- _DATA SECTION_
.....
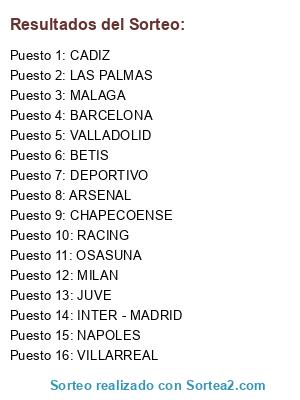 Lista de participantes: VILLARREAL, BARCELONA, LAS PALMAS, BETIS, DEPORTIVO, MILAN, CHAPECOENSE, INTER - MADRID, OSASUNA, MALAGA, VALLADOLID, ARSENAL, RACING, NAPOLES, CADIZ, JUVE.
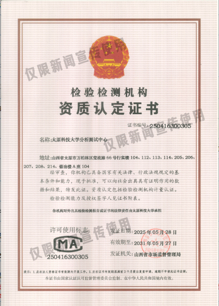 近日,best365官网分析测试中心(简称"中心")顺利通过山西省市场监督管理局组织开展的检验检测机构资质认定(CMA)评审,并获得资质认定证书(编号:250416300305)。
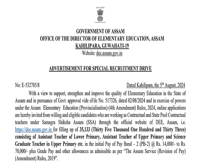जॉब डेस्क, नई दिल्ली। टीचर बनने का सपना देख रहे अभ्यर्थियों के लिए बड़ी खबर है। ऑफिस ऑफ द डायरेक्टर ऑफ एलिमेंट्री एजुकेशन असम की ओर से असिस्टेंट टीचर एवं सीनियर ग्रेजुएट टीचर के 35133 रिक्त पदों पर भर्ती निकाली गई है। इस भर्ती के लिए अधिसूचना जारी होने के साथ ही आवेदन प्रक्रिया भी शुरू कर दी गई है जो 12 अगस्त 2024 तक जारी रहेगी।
.....
- _HOW TO COMPLETE THIS TASK_
These lines alone form the answer: the one containing "近日,best365官网分析" and every line after it through the end of the material, exactly as written, pictures left out.

- _EXERCISE ANSWER_
 近日,best365官网分析测试中心(简称"中心")顺利通过山西省市场监督管理局组织开展的检验检测机构资质认定(CMA)评审,并获得资质认定证书(编号:250416300305)。
जॉब डेस्क, नई दिल्ली। टीचर बनने का सपना देख रहे अभ्यर्थियों के लिए बड़ी खबर है। ऑफिस ऑफ द डायरेक्टर ऑफ एलिमेंट्री एजुकेशन असम की ओर से असिस्टेंट टीचर एवं सीनियर ग्रेजुएट टीचर के 35133 रिक्त पदों पर भर्ती निकाली गई है। इस भर्ती के लिए अधिसूचना जारी होने के साथ ही आवेदन प्रक्रिया भी शुरू कर दी गई है जो 12 अगस्त 2024 तक जारी रहेगी।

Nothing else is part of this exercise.